Third World Love: Sketch of Tel Aviv (2005 [2006], Smalls): There is something going on here that I don't get, and don't expect to get in the near future. Website claims the band "organically blends African, Middle Eastern, rock and jazz . . . a poetic journey of rhythms, songs, dance and joyful celebration." There's some of that, but it's hard to sort out, which may be the point. The group is a quartet, with two fairly well known players (bassist Omer Avital and trumpeter Avishai Cohen) and two lesser knowns (pianist Yonatan Avishai and drummer Daniel Freedman). Two songs with vocals -- one a trad Jewish-Yemenite piece sung by Avishai, the other sung by guest Eviatar Banai -- strike me as out of step, but the way Cohen is playing, anything that takes away from the trumpet seems like a bad idea. With their desire to more asses as well as minds, chances are there's a great album in their future. B+(**)

Tied + Tickled Trio: Aelita (2007, Morr Music): German electronica group, dating back to 1994 when brothers Markus and Micha Acher spun off from Notwist. Advance copy, lists three additional musicians -- Caspar Brandner, Andreas Gerth, and Carl Oesterhelt -- but doesn't map them to instruments ("xylophone, glockenspiel, melotrone dismal sounds"). The named instruments add a toy sound to the ambient beats, which are pleasing enough. I would rather like to see more electronica coming my way, but much of it does strike me as anticlimactic. B [advance, June 19]
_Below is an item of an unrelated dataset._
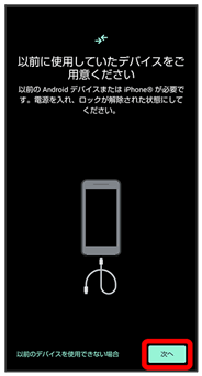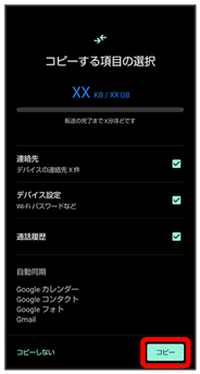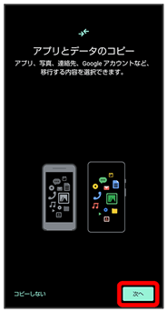 データの引き継ぎは、はじめて本機の電源を入れたときに表示される初期設定画面から行います。初期設定画面の「アプリとデータのコピー」で、画面に従ってスマートフォン同士を接続し、データの引き継ぎを行ってください。

Tin Hat: The Sad Machinery of Spring (2007, Hannibal): Original Tin Hat Trio members: Rob Burger (piano, accordion), Carla Kihlstedt (violin), Mark Orton (guitar). Burger left in 2004, replaced by Ben Goldberg (clarinet), Zeena Parkins (harp), and finally Ara Anderson (trumpet, piano). Sticker says to "file under Tin Hat Trio," and there's continuity enough, even though I have no clue what they're up to. The common phrase is "chamber music" -- and indeed they seem to be closer to Kronos Quartet than any jazz combos, although they don't have, or much care for, the conventions of a string quartet. The instruments seem to selected for oddness, even before the players started dragging celeste, dobro, auto-harp, bowed vibes, and bul-bul tarang into the mix. I'm puzzled, but not unintrigued. [B+(*)]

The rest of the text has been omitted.